Source data:

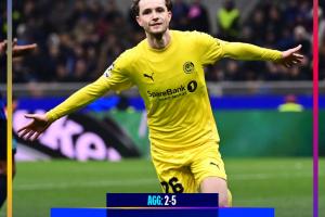 体育资讯02月25日讯 欧冠1/8决赛附加赛次回合,博德闪耀2-1双杀国米晋级16强。
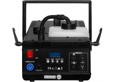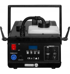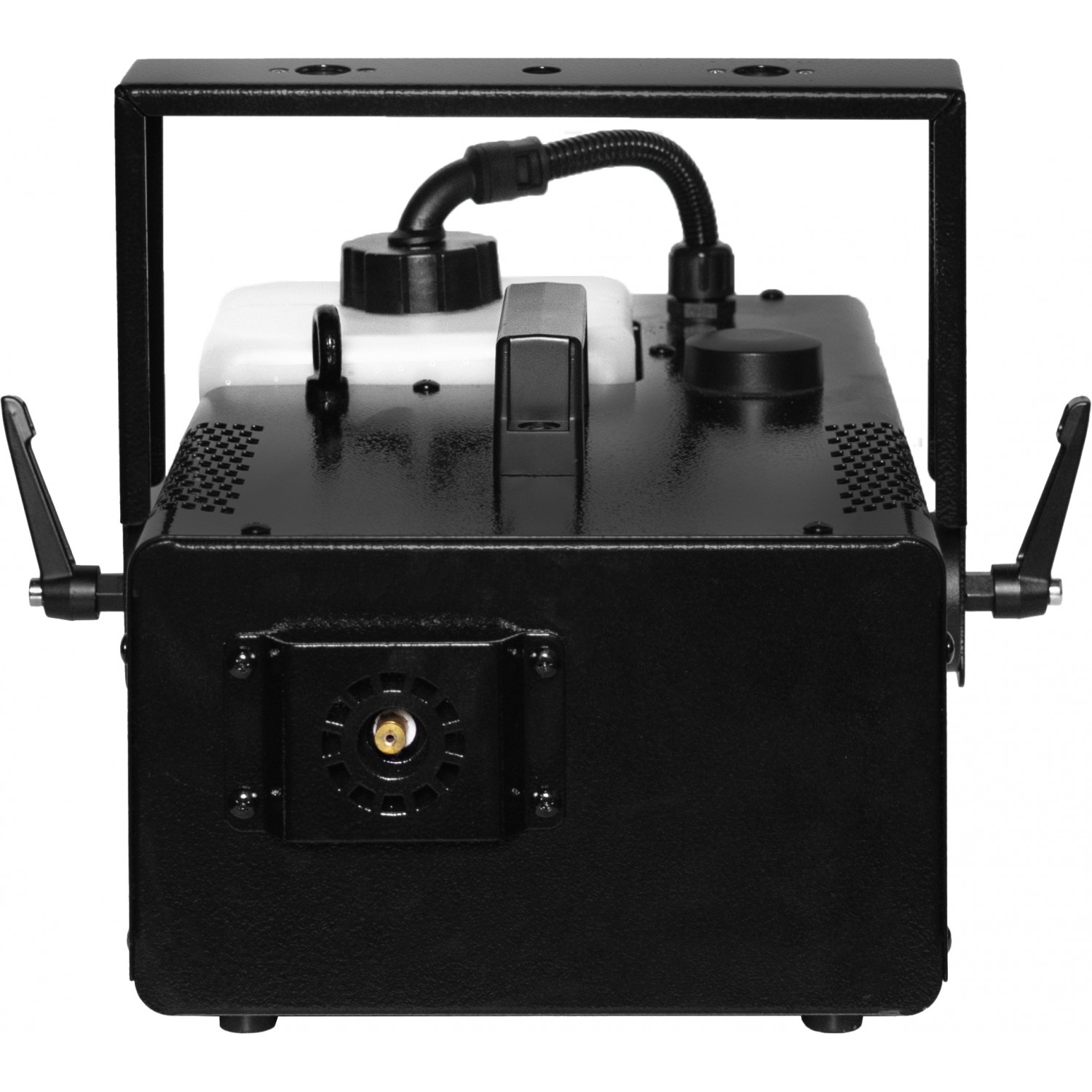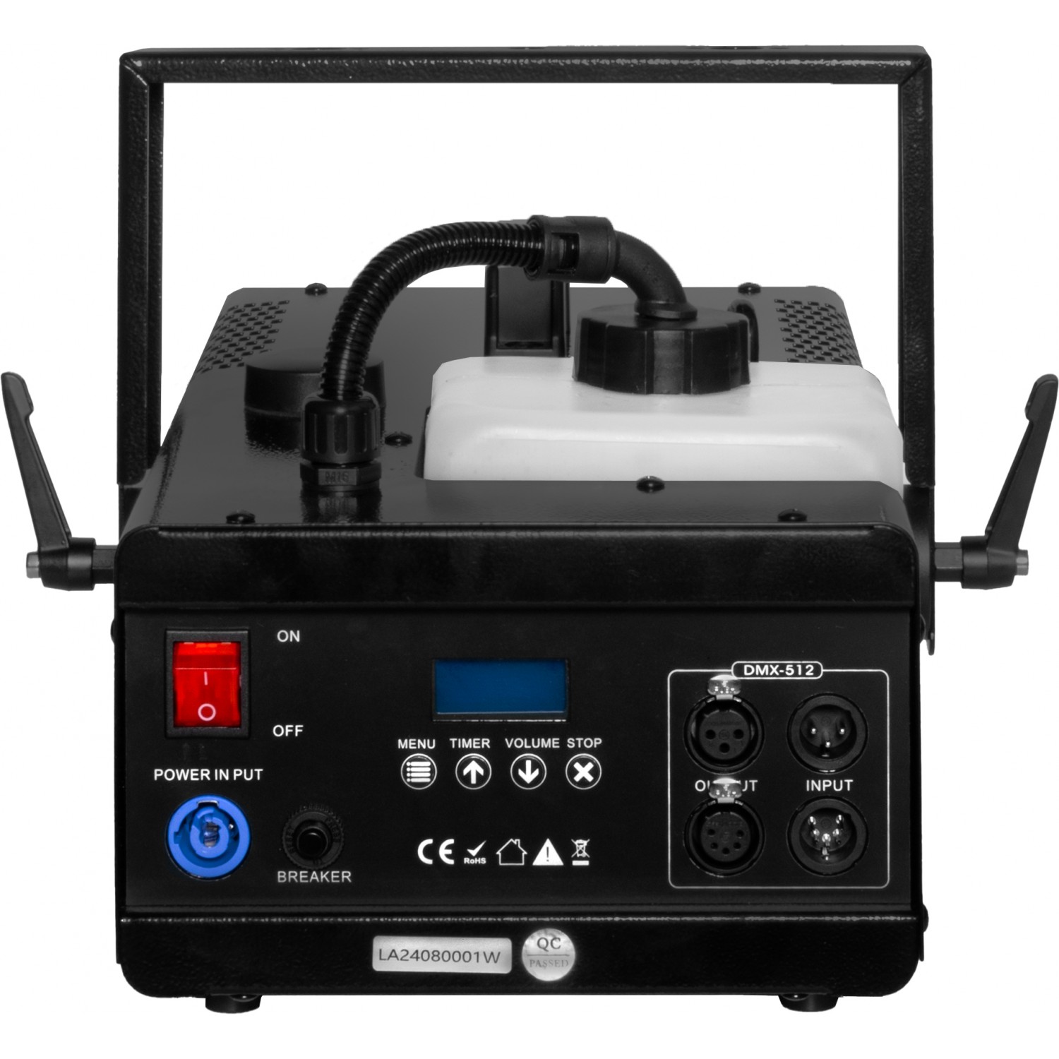 La macchina è dotata di connettori XLR a 3 pin e 5 pin per garantire massima compatibilità e di ingresso PowerCON TRUE. L'interruttore di accensione è illuminato per una facile individuazione, e il serbatoio del fluido è provvisto di controllo del livello con una chiara indicazione quando il serbatoio risulta vuoto.
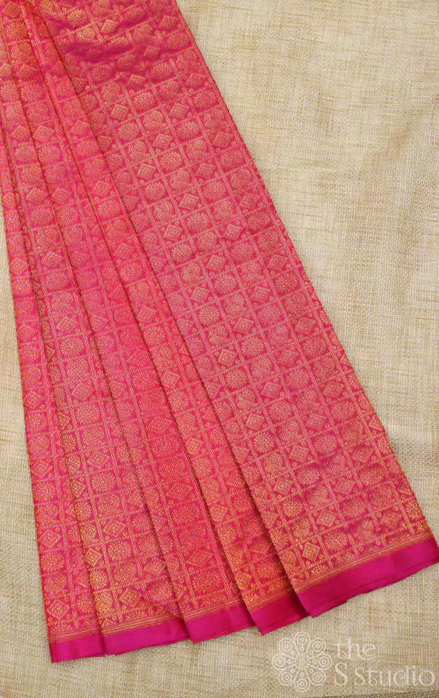 Rani pink kanchi silk blouse material with mayil chakram buttas
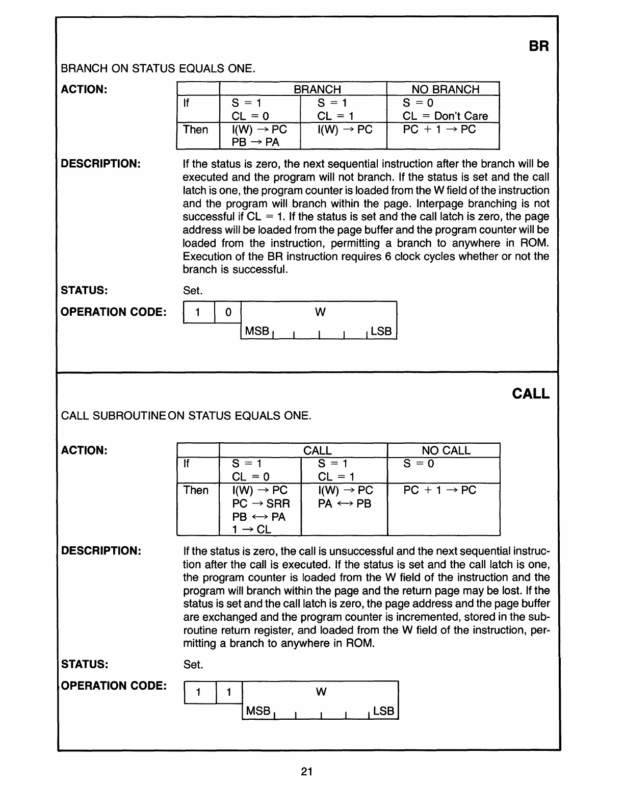 Figure 6 Internal BR, CALL and RETN Operations
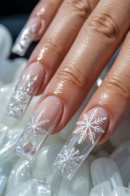 Clear acrylic nails with white or holo icy effect snowflakes look soooo stunning here. The see through part with frosty snowflakes is really pretty and different! Its literally like frosted glass nails.
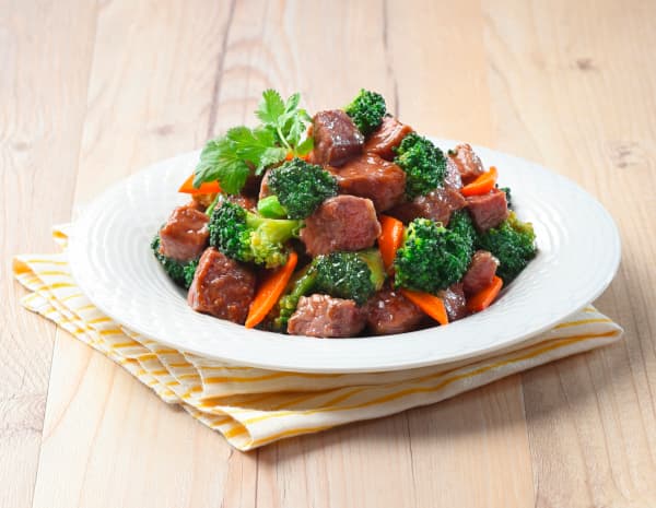 2. Heat the vegetable oil in a wok until smoking, add the beef and stir fry until half done.
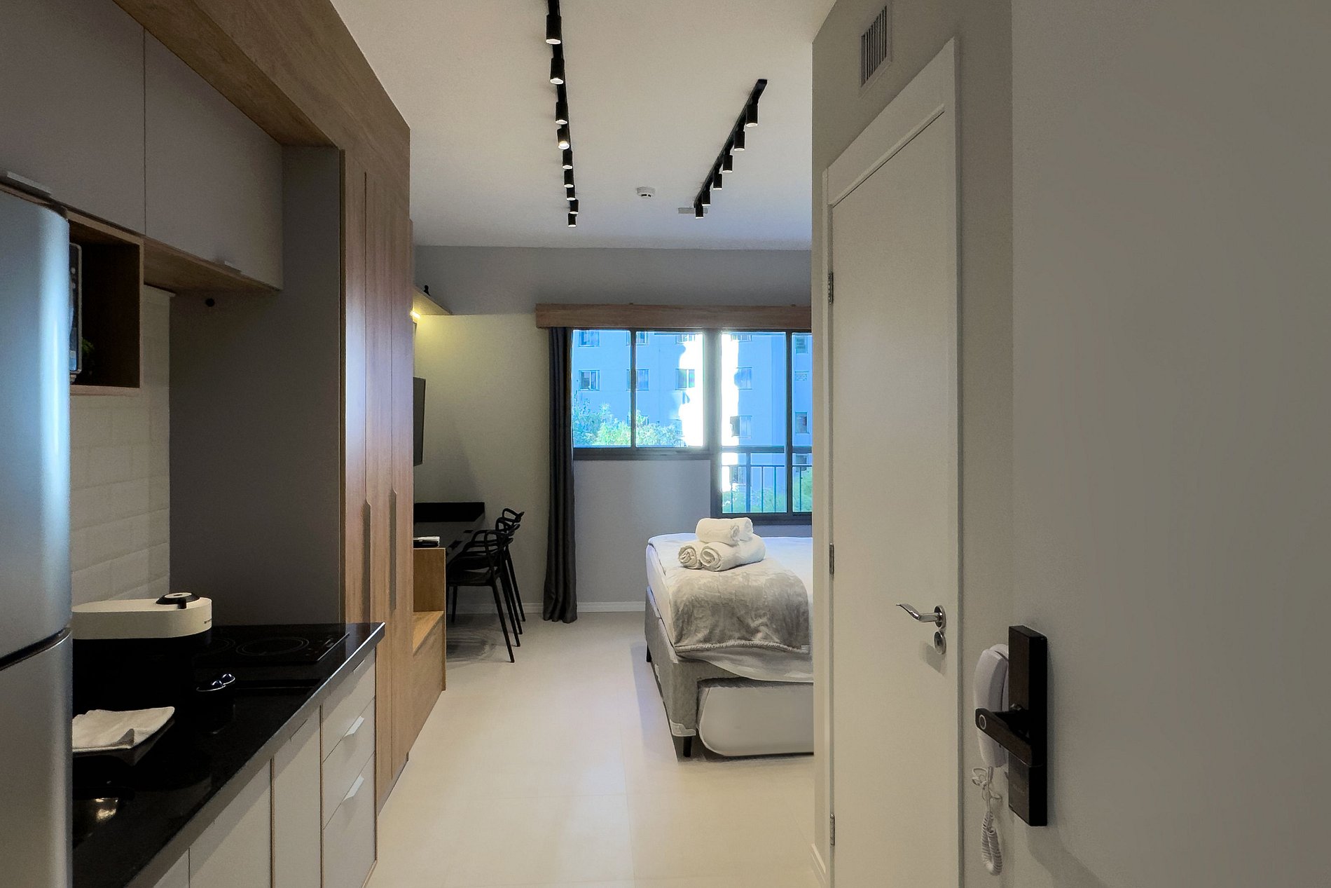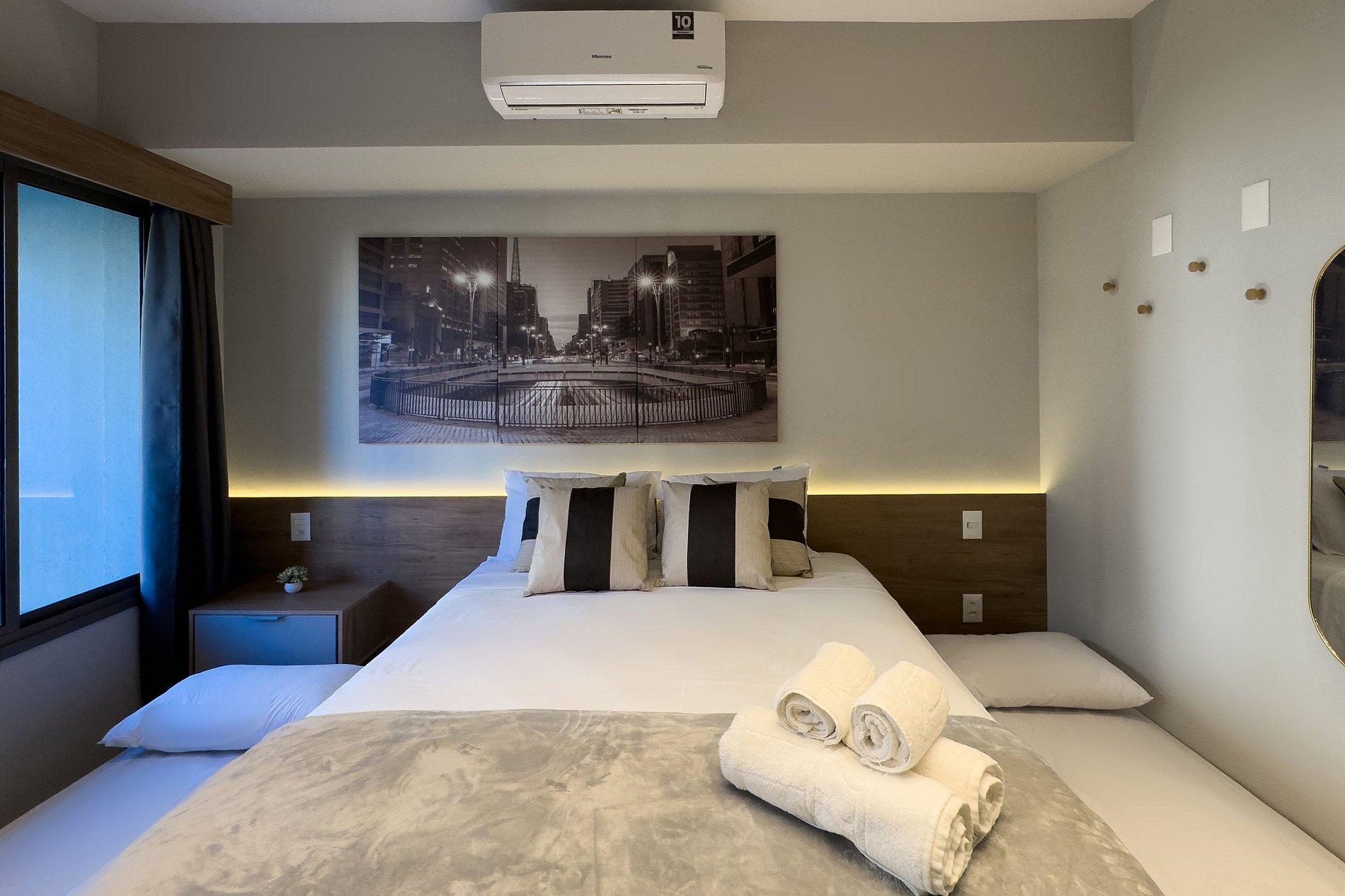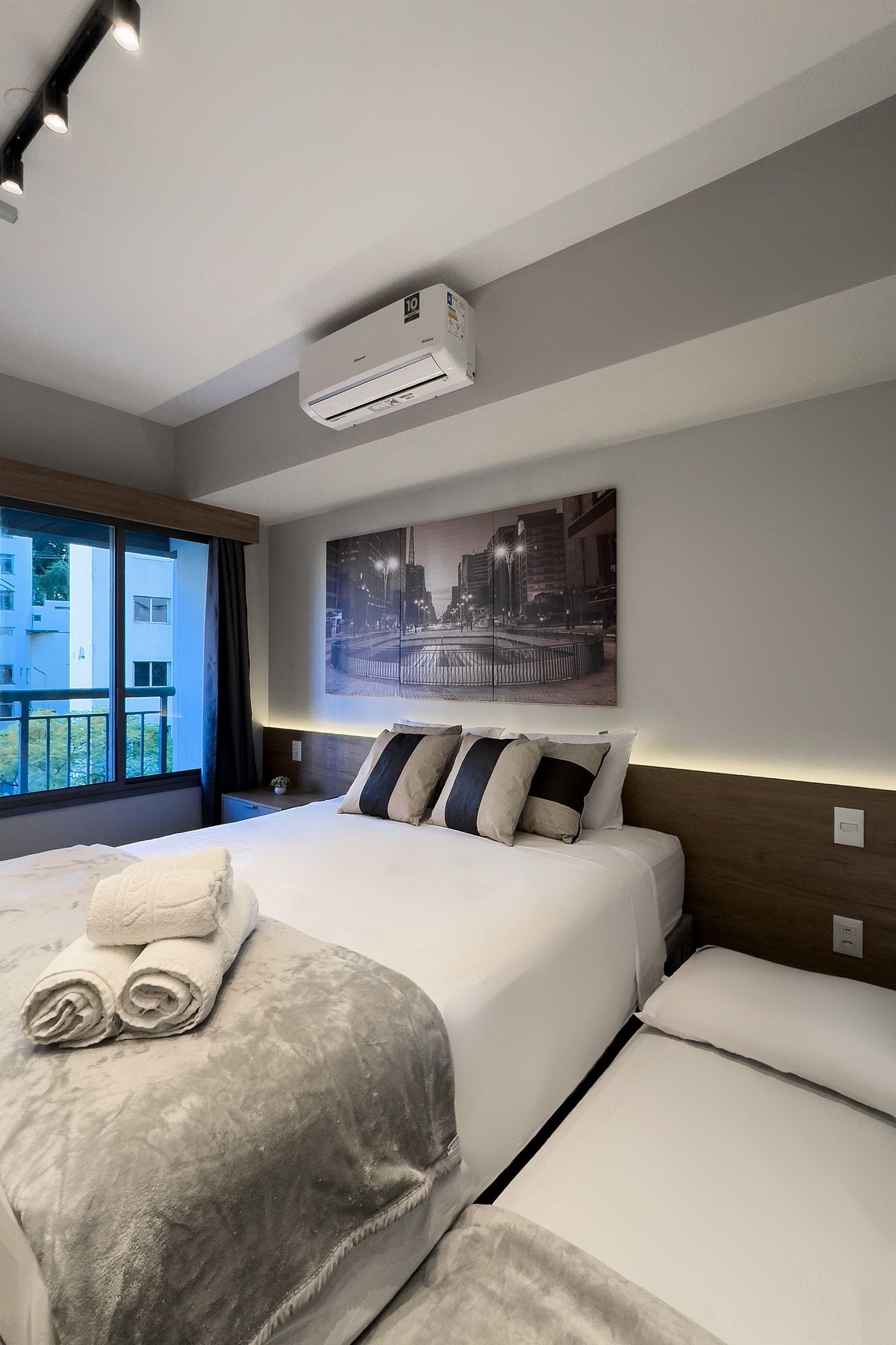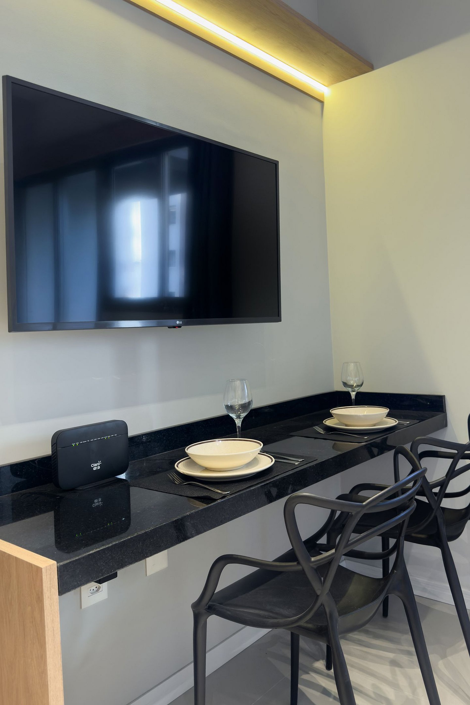 O apartamento possui 1 cama de casal Queen (1,58x1,98), 2 camas bi-camas de solteiro e ar-condicionado. Cozinha completa com geladeira, freezer, micro-ondas, fogão de indução, jogo de talheres, air fryer, cafeteira elétrica para home office, guarda-roupa, mesa, 2 Cadeira Interna, TV e banheiro com ótimo chuveiro (água quente e fria). Será fornecido um jogo de enxoval (lençóis, travesseiros, fronhas e toalhas de banho) por hóspede. Outras observações Ao redor do Edidício você encontrará uma variedade de opções para tornar sua estadia cada vez mais agradável;

Problem to work on:
Set down exactly and only the lines from the line that contains "Figure 6 Internal" through the last line of the entries above, with both of those lines included and the pictures left out.

Completed exercise:
 Figure 6 Internal BR, CALL and RETN Operations
 Clear acrylic nails with white or holo icy effect snowflakes look soooo stunning here. The see through part with frosty snowflakes is really pretty and different! Its literally like frosted glass nails.
 2. Heat the vegetable oil in a wok until smoking, add the beef and stir fry until half done.
 O apartamento possui 1 cama de casal Queen (1,58x1,98), 2 camas bi-camas de solteiro e ar-condicionado. Cozinha completa com geladeira, freezer, micro-ondas, fogão de indução, jogo de talheres, air fryer, cafeteira elétrica para home office, guarda-roupa, mesa, 2 Cadeira Interna, TV e banheiro com ótimo chuveiro (água quente e fria). Será fornecido um jogo de enxoval (lençóis, travesseiros, fronhas e toalhas de banho) por hóspede. Outras observações Ao redor do Edidício você encontrará uma variedade de opções para tornar sua estadia cada vez mais agradável;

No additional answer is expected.